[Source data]
********************

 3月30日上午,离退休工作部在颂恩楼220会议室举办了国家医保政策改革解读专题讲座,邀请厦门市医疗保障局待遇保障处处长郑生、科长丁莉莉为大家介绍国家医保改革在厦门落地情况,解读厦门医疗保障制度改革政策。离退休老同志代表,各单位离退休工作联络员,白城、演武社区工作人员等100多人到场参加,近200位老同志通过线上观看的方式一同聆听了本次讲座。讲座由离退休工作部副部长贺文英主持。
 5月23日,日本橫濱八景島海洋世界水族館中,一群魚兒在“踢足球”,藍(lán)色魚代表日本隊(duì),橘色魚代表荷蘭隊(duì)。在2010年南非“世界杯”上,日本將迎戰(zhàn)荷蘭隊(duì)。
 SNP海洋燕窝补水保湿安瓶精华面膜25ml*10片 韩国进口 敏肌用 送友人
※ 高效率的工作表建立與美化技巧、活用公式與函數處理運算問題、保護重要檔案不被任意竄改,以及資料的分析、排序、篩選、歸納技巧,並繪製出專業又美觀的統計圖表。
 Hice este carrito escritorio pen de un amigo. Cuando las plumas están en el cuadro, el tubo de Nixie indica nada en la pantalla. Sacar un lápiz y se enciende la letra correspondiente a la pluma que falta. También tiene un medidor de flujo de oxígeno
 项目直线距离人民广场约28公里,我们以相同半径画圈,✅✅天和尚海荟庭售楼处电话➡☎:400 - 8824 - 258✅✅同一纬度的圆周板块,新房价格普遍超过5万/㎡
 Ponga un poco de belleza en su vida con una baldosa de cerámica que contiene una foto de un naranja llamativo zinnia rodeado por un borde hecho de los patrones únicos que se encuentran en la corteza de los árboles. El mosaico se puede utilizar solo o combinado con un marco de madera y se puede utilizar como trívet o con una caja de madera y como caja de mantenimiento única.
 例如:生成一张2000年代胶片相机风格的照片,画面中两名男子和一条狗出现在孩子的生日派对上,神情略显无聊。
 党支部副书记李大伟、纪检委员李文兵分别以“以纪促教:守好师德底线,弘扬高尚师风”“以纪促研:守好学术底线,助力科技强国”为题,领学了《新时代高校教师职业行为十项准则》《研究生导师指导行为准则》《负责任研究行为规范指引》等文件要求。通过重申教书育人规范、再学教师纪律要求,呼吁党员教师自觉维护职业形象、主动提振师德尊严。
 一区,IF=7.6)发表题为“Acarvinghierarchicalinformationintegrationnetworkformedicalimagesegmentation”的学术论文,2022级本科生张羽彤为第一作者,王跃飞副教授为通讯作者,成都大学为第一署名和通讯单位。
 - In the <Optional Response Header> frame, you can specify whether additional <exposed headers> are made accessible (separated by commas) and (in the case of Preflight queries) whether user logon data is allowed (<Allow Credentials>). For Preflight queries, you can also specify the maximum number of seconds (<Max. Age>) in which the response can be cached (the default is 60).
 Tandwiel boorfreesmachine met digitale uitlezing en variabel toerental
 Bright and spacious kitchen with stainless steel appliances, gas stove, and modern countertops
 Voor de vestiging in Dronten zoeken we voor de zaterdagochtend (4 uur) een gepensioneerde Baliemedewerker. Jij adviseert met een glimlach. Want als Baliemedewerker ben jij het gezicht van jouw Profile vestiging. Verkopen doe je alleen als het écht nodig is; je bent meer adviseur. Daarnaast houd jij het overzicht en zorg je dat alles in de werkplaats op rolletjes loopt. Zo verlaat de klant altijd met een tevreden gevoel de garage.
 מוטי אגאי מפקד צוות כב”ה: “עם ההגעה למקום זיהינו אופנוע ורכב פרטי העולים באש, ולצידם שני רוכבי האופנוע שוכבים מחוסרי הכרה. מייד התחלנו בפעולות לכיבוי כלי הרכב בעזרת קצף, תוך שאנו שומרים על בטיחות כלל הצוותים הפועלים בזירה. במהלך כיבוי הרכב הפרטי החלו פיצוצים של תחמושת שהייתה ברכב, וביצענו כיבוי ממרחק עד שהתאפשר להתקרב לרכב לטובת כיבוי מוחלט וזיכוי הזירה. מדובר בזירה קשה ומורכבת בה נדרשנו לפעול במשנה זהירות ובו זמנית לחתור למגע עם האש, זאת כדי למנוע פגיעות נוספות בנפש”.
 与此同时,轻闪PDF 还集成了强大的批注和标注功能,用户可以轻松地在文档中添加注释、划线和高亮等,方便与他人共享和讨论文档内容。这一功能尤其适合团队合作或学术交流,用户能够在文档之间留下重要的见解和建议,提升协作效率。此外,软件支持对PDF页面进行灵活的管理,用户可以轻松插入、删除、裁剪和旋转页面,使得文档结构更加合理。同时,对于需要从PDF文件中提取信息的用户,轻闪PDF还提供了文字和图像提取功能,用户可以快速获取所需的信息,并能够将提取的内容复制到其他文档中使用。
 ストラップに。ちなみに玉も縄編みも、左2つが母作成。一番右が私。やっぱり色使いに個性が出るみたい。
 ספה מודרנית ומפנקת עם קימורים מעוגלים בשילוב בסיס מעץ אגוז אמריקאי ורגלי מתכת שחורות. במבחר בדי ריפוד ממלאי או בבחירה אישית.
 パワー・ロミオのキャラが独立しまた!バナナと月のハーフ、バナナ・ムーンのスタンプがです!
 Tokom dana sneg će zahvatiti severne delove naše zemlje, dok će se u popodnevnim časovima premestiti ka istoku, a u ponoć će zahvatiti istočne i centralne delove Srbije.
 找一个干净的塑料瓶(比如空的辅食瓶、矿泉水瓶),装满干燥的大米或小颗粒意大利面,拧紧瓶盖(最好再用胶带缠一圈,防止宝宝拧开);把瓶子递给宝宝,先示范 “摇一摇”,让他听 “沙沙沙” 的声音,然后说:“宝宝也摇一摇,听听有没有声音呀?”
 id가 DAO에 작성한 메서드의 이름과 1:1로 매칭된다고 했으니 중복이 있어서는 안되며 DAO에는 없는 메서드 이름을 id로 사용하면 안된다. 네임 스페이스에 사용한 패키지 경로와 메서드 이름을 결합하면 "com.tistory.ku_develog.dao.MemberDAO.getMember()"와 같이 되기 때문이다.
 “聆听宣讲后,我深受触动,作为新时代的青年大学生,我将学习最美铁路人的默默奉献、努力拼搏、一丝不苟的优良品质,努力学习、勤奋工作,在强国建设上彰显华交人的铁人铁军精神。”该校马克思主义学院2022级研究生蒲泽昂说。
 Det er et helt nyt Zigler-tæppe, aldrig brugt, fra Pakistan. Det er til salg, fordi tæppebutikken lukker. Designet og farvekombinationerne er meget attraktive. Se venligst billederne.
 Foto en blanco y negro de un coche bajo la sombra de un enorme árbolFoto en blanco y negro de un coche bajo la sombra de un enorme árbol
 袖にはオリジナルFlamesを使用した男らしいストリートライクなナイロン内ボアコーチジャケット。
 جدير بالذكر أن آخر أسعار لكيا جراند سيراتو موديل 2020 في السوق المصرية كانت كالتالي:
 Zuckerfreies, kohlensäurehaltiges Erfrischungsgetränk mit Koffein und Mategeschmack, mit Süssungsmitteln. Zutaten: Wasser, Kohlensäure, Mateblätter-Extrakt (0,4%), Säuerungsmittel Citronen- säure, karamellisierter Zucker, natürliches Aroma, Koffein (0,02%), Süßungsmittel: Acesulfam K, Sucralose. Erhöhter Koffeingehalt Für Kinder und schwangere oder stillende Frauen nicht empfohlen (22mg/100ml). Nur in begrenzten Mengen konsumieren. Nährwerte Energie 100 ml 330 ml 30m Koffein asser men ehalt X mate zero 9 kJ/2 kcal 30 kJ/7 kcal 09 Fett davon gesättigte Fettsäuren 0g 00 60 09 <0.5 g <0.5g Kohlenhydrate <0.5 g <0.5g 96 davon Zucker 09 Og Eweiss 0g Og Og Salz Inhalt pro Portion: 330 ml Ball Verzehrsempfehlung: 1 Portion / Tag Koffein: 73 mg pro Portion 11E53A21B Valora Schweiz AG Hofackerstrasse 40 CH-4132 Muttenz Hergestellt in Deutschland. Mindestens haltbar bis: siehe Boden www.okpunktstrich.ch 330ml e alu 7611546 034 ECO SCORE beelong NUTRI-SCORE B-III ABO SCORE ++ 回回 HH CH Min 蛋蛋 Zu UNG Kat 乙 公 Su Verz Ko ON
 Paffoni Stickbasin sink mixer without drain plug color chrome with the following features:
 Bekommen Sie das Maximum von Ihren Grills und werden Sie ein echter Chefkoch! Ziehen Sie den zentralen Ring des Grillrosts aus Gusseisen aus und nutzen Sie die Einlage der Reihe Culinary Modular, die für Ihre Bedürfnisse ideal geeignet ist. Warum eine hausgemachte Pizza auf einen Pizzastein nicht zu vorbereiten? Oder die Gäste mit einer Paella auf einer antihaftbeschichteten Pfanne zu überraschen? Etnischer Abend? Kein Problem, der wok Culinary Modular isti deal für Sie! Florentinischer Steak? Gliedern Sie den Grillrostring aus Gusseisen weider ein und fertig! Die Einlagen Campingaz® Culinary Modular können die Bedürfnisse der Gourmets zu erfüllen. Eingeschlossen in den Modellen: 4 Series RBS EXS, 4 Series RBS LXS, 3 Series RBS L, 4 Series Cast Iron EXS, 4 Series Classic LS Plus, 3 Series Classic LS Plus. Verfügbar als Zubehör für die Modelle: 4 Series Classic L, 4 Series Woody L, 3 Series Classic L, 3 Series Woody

********************

Task description:
From the entries above, select each line containing the string "with".

Output for this task:
 Bright and spacious kitchen with stainless steel appliances, gas stove, and modern countertops
 Paffoni Stickbasin sink mixer without drain plug color chrome with the following features:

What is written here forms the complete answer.